Für Ersteres zeichnete Ausstatterin Monika Frenz verantwortlich und sie hatte nicht nur an alles gedacht, was sich in einem heutigen "Klassenzimmer einer Grundschule in Dresden" so findet, sondern sich von Mindener Grundschülern sogar die Bilder für die Klassenzimmer-Pinnwand malen lassen.

Ausgezeichnet besetzt

Und natürlich war die Landgraf-Truppe wieder ausgezeichnet besetzt. Alle haben sie eine solide Schauspielausbildung, haben an einigen Bühnen gespielt, aber fast alle sind auch schon lange, Sabine Müller seit 1971, feste Größen im deutschen Fernsehen.
Dass auch das Spielen auf der Bühne im echten Rampenlicht enorm großen Spaß macht, zeigten auch diese Fernsehstars an diesem Abend.
Schon einige Male auf der Bühne des Kurtheaters stand Wolfgang Seidenberg in Königsdramen und anderen sehr ernsthaften Stücken. Dass ihm die Darstellung des prolligen Hausmanns und arbeitslosen Fernmeldetechnikers Wolf Heider, des Elefanten im Porzellanladen bei den anfangs so angestrengt anständigen und bemüht ordentlichen Klasseneltern, viel Spaß machte, konnte er den ganzen Abend über mit großer Bühnenpräsenz in der Darstellung des Losers, der sich mit kleinen Love Affairs tröstet, vermitteln.
Iris Boss gab sehr überzeugend die ein bisschen unsichere, sensible Alleinerziehende Katja Grabowski, die sich nur aus Solidarität mit den anderen gemein macht, und deren gespielte Souveränität erst aufbricht, als sie erfährt, dass ihr Sohn Fritz, der Klassenbeste, von ADHS-Kind und Klassenclown Lukas Jeskow geschlagen wurde, ohne dass er ihr das erzählt hat.
Die Jeskows treten als einziges Paar auf; Katrin Filzen spielte Lukas' Mutter Marina mit ausgefeilter Körpersprache, ständig schwankend zwischen ihrer absoluten, bis zu völligem Ausschalten aller Kritik an ihm gehenden Liebe zu ihrem Sohn, ihrem Heimweh nach Köln, ihrem Aufmüpfen gegen ihren in den Osten zwangsversetzten Mann und ihren festen Vorstellungen von Anstand und Gutmenschentum. Thomas Martin zeigte sehr überzeugend ihren Ehemann Patrick als ebenso unsicheres und deshalb zu extremen Einschätzungen und Ausbrüchen neigendes Möchtegern-Mannsbild.
Zwischen den Leskows und den zwei Ossis Heider und Grabowski gibt es immer wieder Scharmützel, doch haben alle die typische Wessi-Managerin Jessica Höfel zu ihrer Klasseneltern-sprecherin gemacht. Andrea Lüdke versah sie mit glatter, straffer Effektivität und arroganter Skrupellosigkeit im Umgang mit der Handtasche und dem Privatleben der Lehrerin. Diese spielte Claudia Rieschel sehr eindrucksvoll in ihrer nachdenklichen Verletzlichkeit ebenso wie in ihrer selbstbewussten Souveränität.

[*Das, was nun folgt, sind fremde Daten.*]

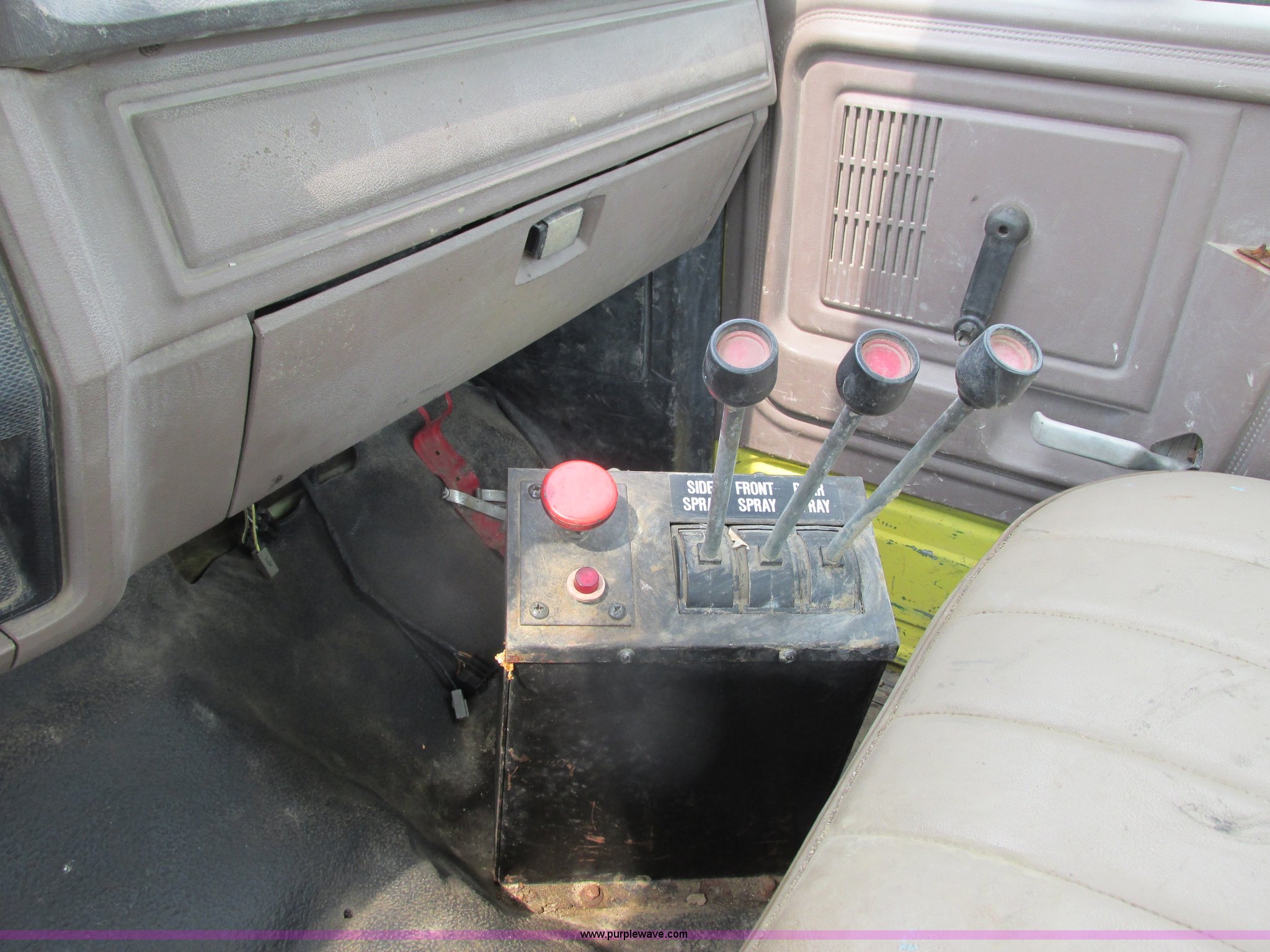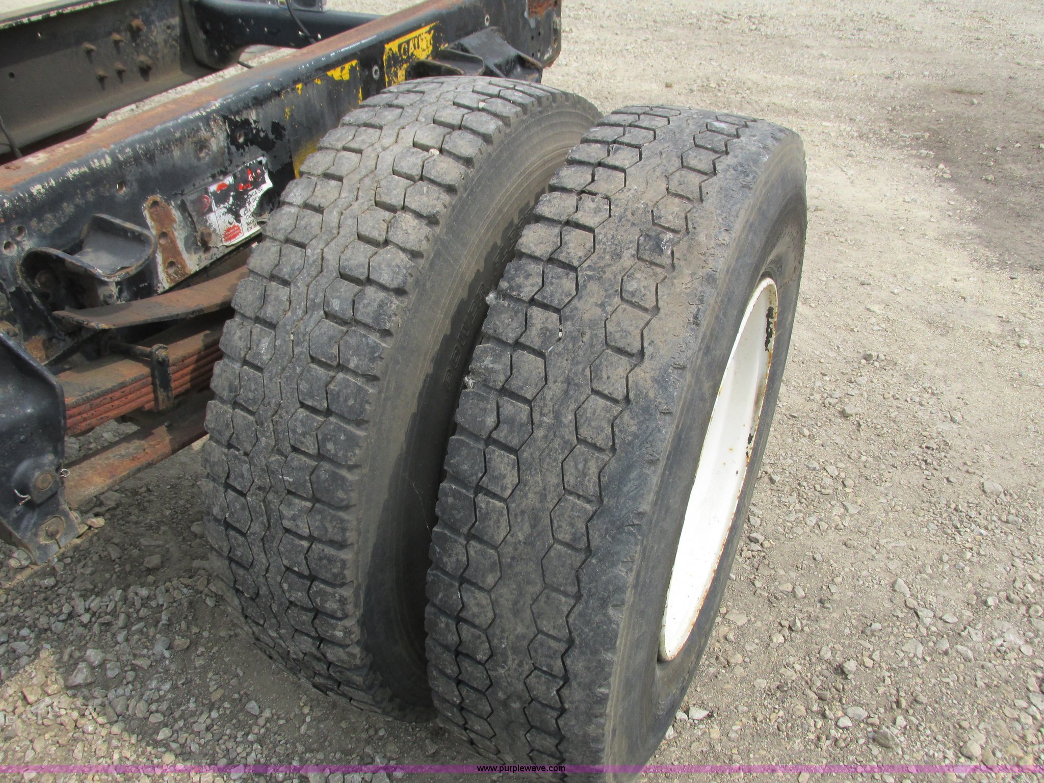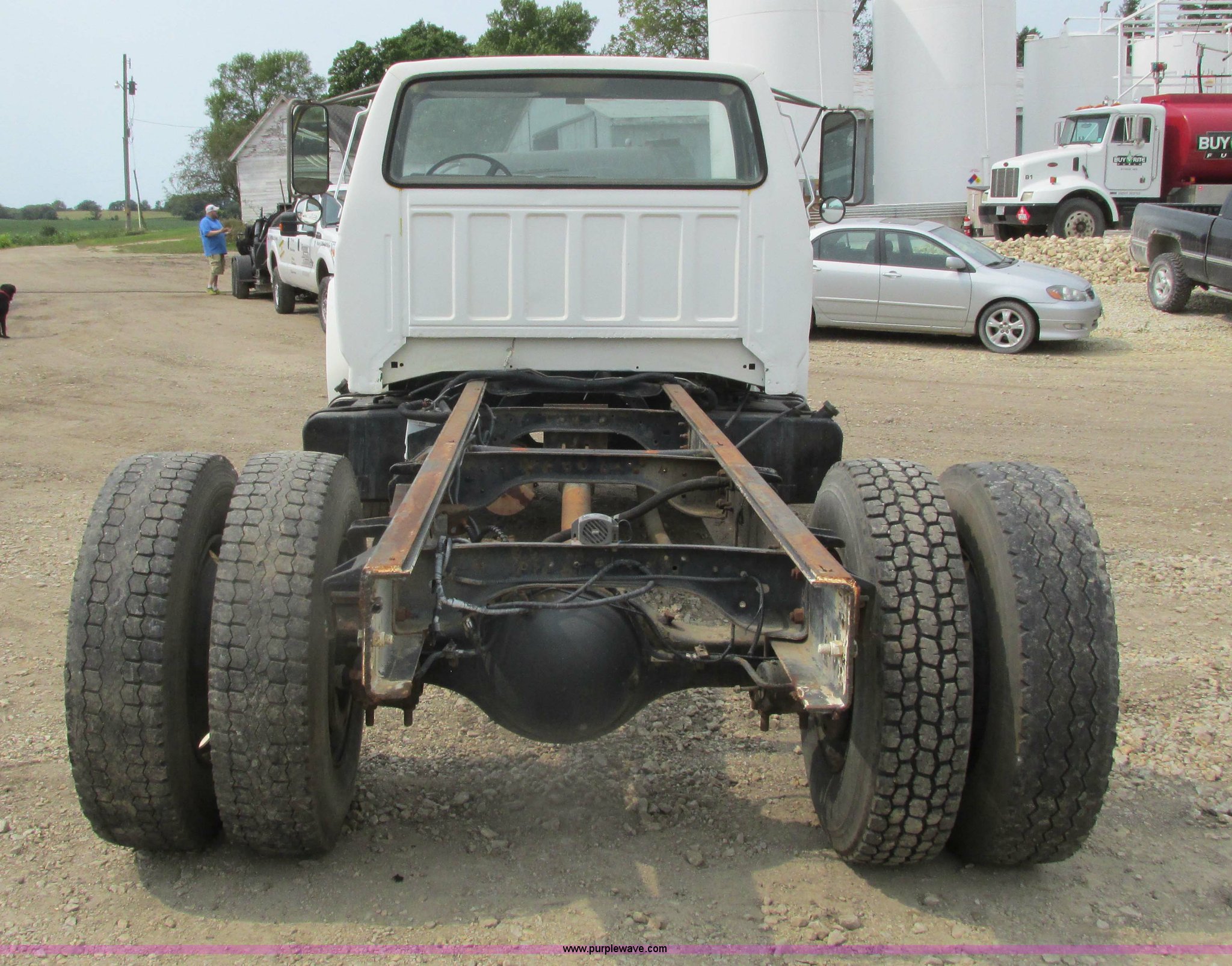 Purple Wave is selling a used Truck Chassis in Minnesota. This item is a 1995 Ford F700 cab and chassis with the following: 153,402 miles on odometer, 7.0L V8 gas engine, Five speed manual transmission, Heat, Vinyl interior, Spring suspension, Hydraulic brakes, 225" wheelbase, 11R22.5 tires, Runs rough, Battery weak

Publikum restlos begeistert

Das Publikum war restlos begeistert von diesem ziemlich realistischen Blick in den heutigen Schulalltag, dessen tragikomisches Potenzial in der Aufführung dieser Truppe so hautnah rüberkam. Es gab langen, begeisterten rhythmischen Beifall, bis die Schauspieler einfach nicht mehr rauskamen nach diesem großartigen Abend.